- What is needed: Output the data below exactly, without images.

- Recorded information:
"""

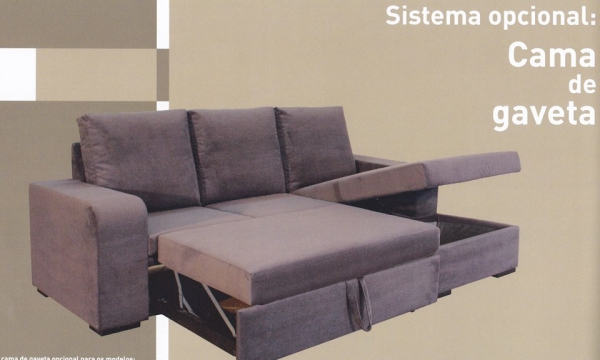 Sofás: Redondela, Paula, Carmen e Tubarão são possíveis de acrescentar gaveta opcional para sofá cama, disponível em várias cores de tecido e microfibra.
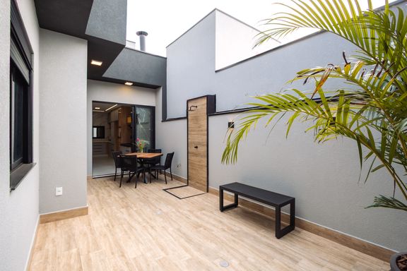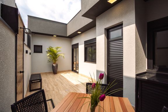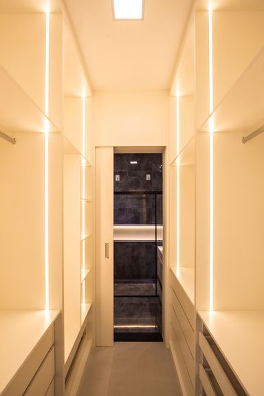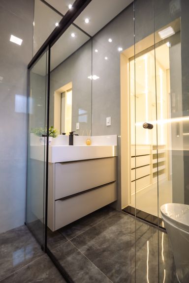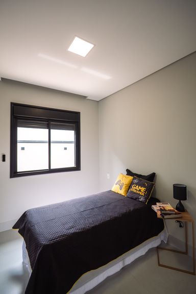Esquadrias pretas, Janelas e portas automatizadas em todos quartos;
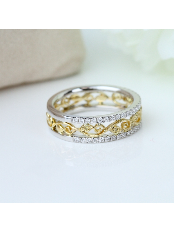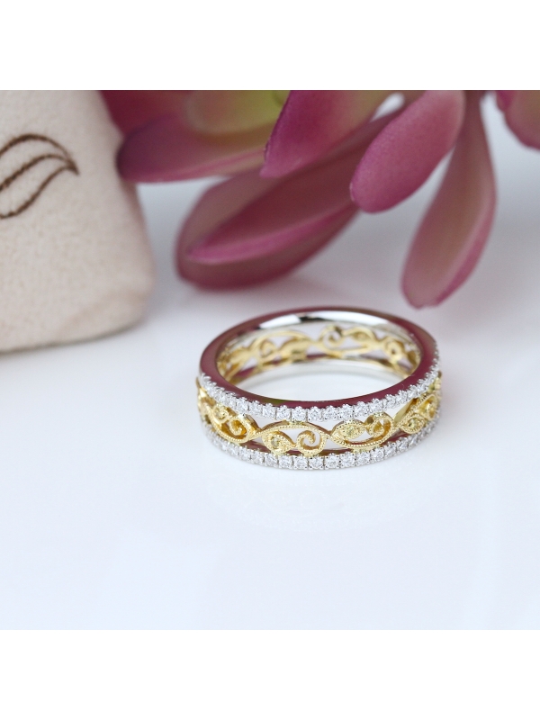 An eternity band featuring waves of gold accented by yellow diamonds

"""

- Problem solution:
 Sofás: Redondela, Paula, Carmen e Tubarão são possíveis de acrescentar gaveta opcional para sofá cama, disponível em várias cores de tecido e microfibra.
Esquadrias pretas, Janelas e portas automatizadas em todos quartos;
 An eternity band featuring waves of gold accented by yellow diamonds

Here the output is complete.